Activity ▸ Return every line below as is, leaving out the pictures.

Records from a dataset
= = =
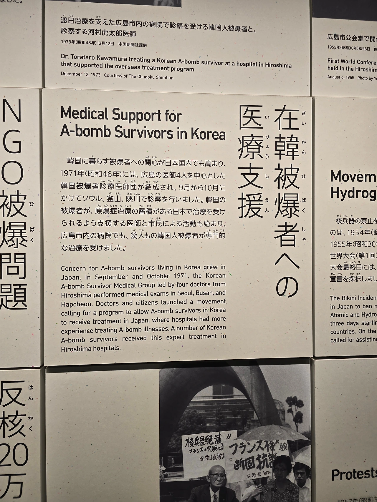 내가 방문했을 때는 2024년 노벨 평화상을 수상한 피폭자 단체 협의회의 뉴스가 아직 핫한 시기였다. 제2차 세계대전 당시 일본의 문제와는 별개로 핵무기를 사용한 전쟁이 두 번 일어나서는 안 된다고 느꼈다.
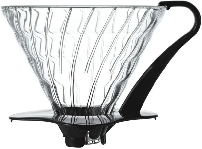The Hario Glass V60 Coffee Dripper has the same design as all other Hario V60 coffee drippers. It consists of ridges, a large hole in the middle and the V-shape, the only difference is that this dripper is made of glass and has a removable plastic handle.
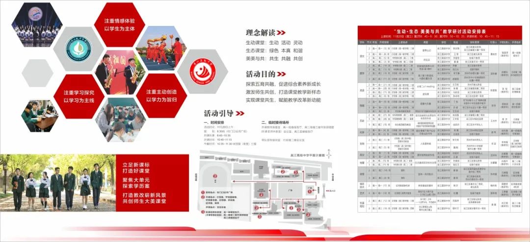 活动得到了吴江区教育局教研室的大力支持,两校骨干老师以“同题异构”方式展示“教学评一致性”学历案课堂,建构“让学”理念下生动课堂,集中展示了语文、数学、英语、物理、化学、生物、政治、历史、地理等九大学科,同时还展示了学生生涯规划指导、艺术教育、技术教育、体育教育等特色板块课程。
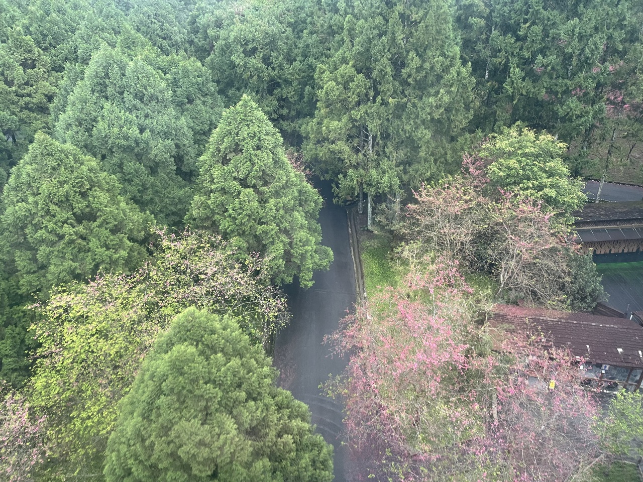 昼間は、ものすごくガラス窓の車両が蒸し暑そうだったので、15時半頃に利用しました。やはり、もやがかかっていましたが、それでも足元に見える景色は緑の木々と湖で桜も上から眺めることができました。窓は少しあいていました
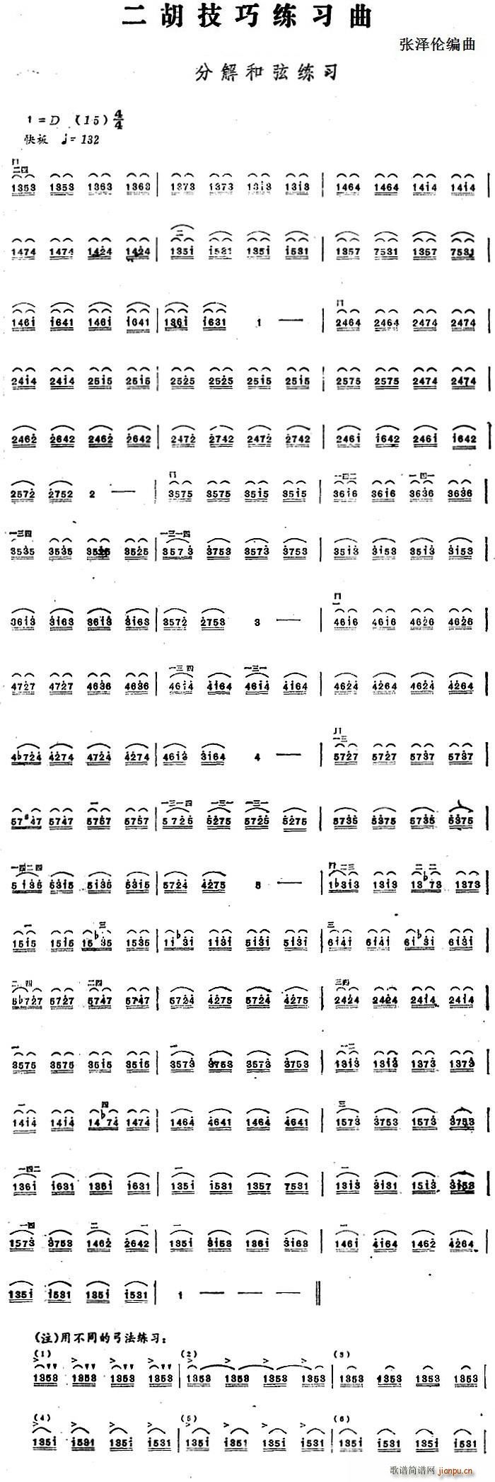 [二胡谱]二胡技巧练习曲 分解和弦练习
= = =
Result of this task ▸
 내가 방문했을 때는 2024년 노벨 평화상을 수상한 피폭자 단체 협의회의 뉴스가 아직 핫한 시기였다. 제2차 세계대전 당시 일본의 문제와는 별개로 핵무기를 사용한 전쟁이 두 번 일어나서는 안 된다고 느꼈다.
The Hario Glass V60 Coffee Dripper has the same design as all other Hario V60 coffee drippers. It consists of ridges, a large hole in the middle and the V-shape, the only difference is that this dripper is made of glass and has a removable plastic handle.
 活动得到了吴江区教育局教研室的大力支持,两校骨干老师以“同题异构”方式展示“教学评一致性”学历案课堂,建构“让学”理念下生动课堂,集中展示了语文、数学、英语、物理、化学、生物、政治、历史、地理等九大学科,同时还展示了学生生涯规划指导、艺术教育、技术教育、体育教育等特色板块课程。
 昼間は、ものすごくガラス窓の車両が蒸し暑そうだったので、15時半頃に利用しました。やはり、もやがかかっていましたが、それでも足元に見える景色は緑の木々と湖で桜も上から眺めることができました。窓は少しあいていました
 [二胡谱]二胡技巧练习曲 分解和弦练习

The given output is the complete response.